Welcome to the Cruelest Day: Tuesday, January 28, 2025, and National Blueberry Pancake Day.  There is no chance that I will get any of these, but I do have a piece of shoofly pie (made by Pennsylvania Amish) for breakfast. It’s the perfect accompaniment to coffee.  Here from Wikipedia is the closest photo I have to celebrate the day—pancakes with blueberry sauce:

SpartacksCompatriot, CC BY-SA 3.0, via Wikimedia Commons

It’s also Rattlesnake Roundup Day, a horrible day on which people collect gazillions of rattlesnakes and then KILL THEM.  This is not good. Here’s a video of the slaughter (warning: cruelty and rattlesnakes getting their heads chopped off. I don’t know how pcople can do this:

And it’s International Lego Day and National Kazoo Day , which has its uses according to Wikipedia:

The kazoo is played professionally in jug bands and comedy music, and by amateurs everywhere. It is among the acoustic instruments developed in the United States, and one of the easiest melodic instruments to play, requiring only the ability to vocalize in tune. In North East England and South Wales, kazoos play an important role in juvenile jazz bands. During Carnival, players use kazoos in the Carnival of Cádiz in Spain and in the corsos on the murgas in Uruguay.

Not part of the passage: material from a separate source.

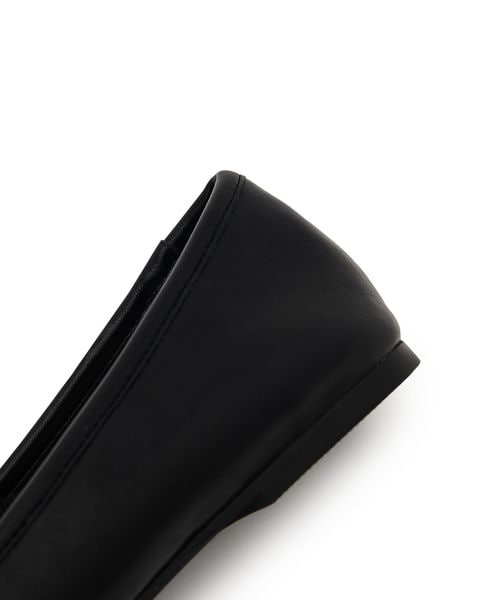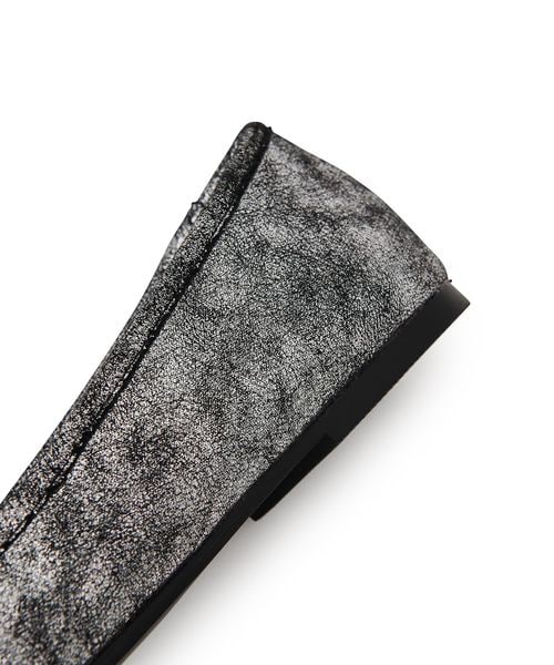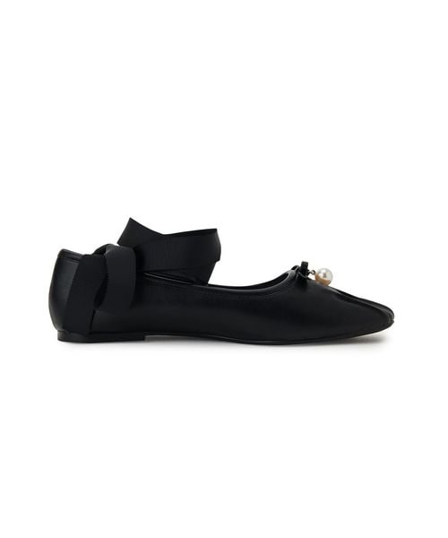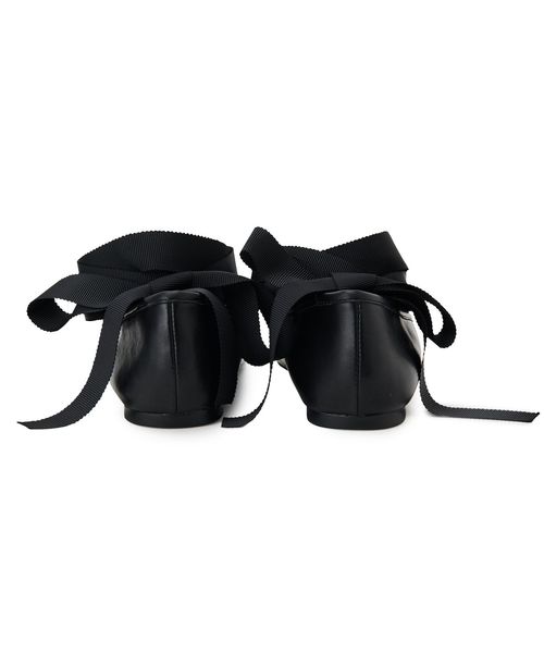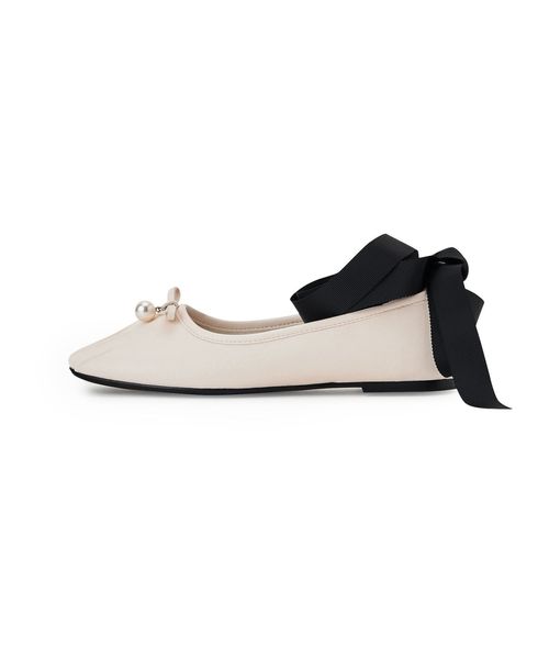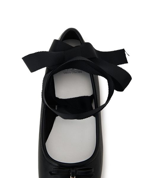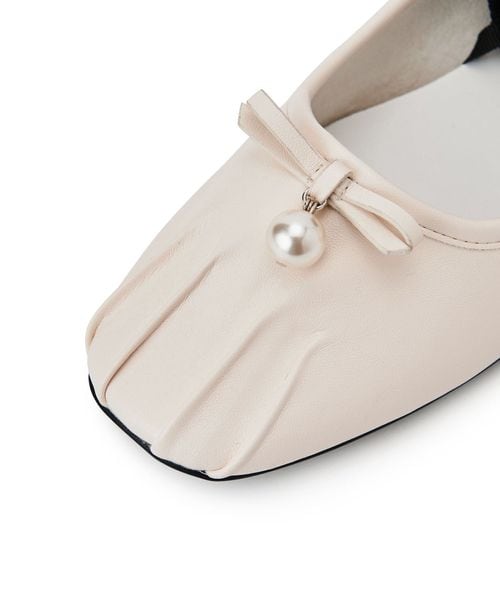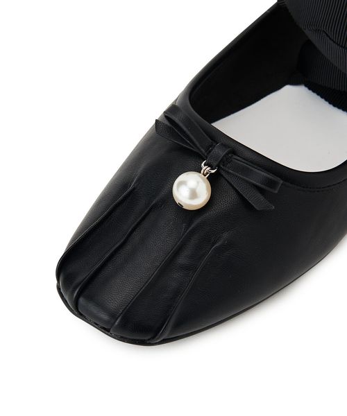 シンプルなデザインにリボンとチャーム、トゥタックがアクセントとなり、足元に優雅な印象をプラス。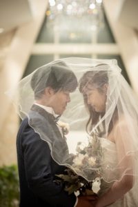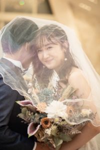 ベールに入ってお写真を撮ることでおふたりの横顔が美しく、そして繊細に

In the Original Dixieland Jass Band 1921 recording of Crazy Blues, what the casual listener might mistake for a trombone solo is actually a kazoo solo by drummer Tony Sbarbaro

Here’s “Crazy Blues” by the Original Dixieland Jass Band from 1921 (yes, “Jass” is the spelling”, can you hear the kazoo solo? I think it starts about 1:10 and continues.

Readers are welcome to mark notable events, births, or deaths on this day by consulting the January 28 Wikipedia page.

Da Nooz:

Let me first retract something I posted the other day: a note that a sex-after-death law had been passed. In Egypt. (It was supposedly allowing a man to have sex with his dead wife for up to six hours after her demise.) The tweet I put up:

Egyptian members of Parliament have denied it, and this appears to have all emanated from a single source.  My bad.

*After Colombia refused to accept U.S. planeloads of deported Colombian migrants, Trump launched a trade war against them. But it never got off the ground before the situation was resolved. (Article is archived here.). Things got pretty hot!

Under threats from President Trump that included steep tariffs, President Gustavo Petro of Colombia has relented and will allow U.S. military planes to fly deportees into the country, after turning two transports back in response to what he called inhumane treatment.

The two leaders had engaged in a war of words on Sunday after Colombia’s move to block Mr. Trump’s use of military aircraft in deporting thousands of unauthorized immigrants.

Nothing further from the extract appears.